Abstract
This blog post presents the architecture and design principles behind a secure IoT gateway written in Rust. The system connects a STM32-based edge devices to a cloud analytics using MQTT, SQLite WAL persistence, OpenTelemetry traces, and Prometheus metrics. It explores how reliability, observability, and security can be built in from day one - with insights drawn from real-world projects.
Introduction
Building IoT systems that scale securely and reliably is one of the hardest engineering challenges. I’ve seen companies lose critical telemetry, face data gaps, or struggle with software updates because reliability and observability were added too late.
As part of my work at Combotto.io, I set out to build a Rust-based IoT Gateway that demonstrates how to connect STM32 edge devices to the cloud with built-in reliability, observability, and security — the same architectural principles I apply when auditing and hardening production IoT infrastructures for clients.
This post walks through the system design, from edge to cloud, showing concrete implementation strategies, architectural viewpoints, and lessons from real deployments.
Background - The Design Philosophy
Inspired by the concept of architectural perspectives from Rozanski and Woods [1] - such as security, performance & scalability, availability and resilience perspective - I approach IoT gateway design with a similar mindset. To achieve production-grade quality and meet customer expectations, I emphasize three guiding perspectives:
- Reliability: Every message must survive network failures (WAL + retry logic).

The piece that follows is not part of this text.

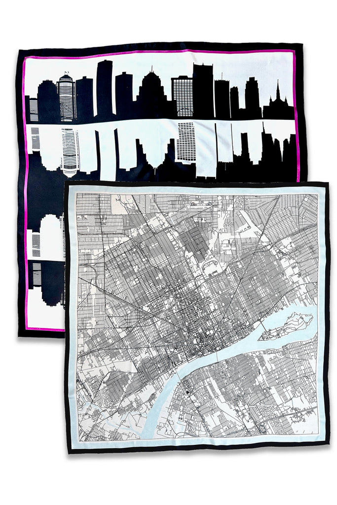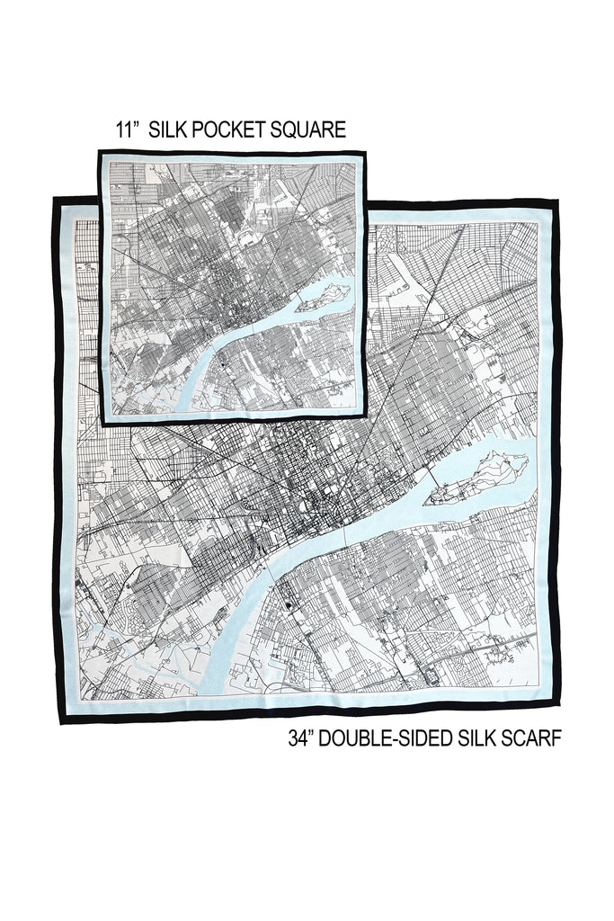 HIS & HERS DETROIT CITY MAP SCARF & POCKET SQUARE

- Observability: Traces and metrics should explain what the system is doing.
- Security: From device authentication to encrypted telemetry and hardening.
These perspectives shape how I structure IoT systems end-to-end - from embedded devices at the edge, through the gateway layer, to the analytics and monitoring systems in the cloud.
Architecture Overview — From Edge to Cloud
To give an overview of the architecture for the Rust IoT Gateway (edge-to-cloud), this section describes the context & scope and the functional elements with their responsibilities and interfaces.
Context & Scope
To better understand context and scope for the Gateway, a Context Viewpoint Diagram is used to show system relationships and interactions with customers, when designing for reliability, observability and security. The diagram shows an edge-to-cloud setup with STM32 Sensor at the edge communicating with an Edge MQTT Broker. The Edge MQTT Broker communicates with the Rust Gateway through a MQTT Client in the Gateway that subscribes to MQTT topic where STM32 Sensor have published it's data. MQTT Client publishes it's data to a write-ahead log (WAL Queue) where data are persistent and then sent downstream to the cloud.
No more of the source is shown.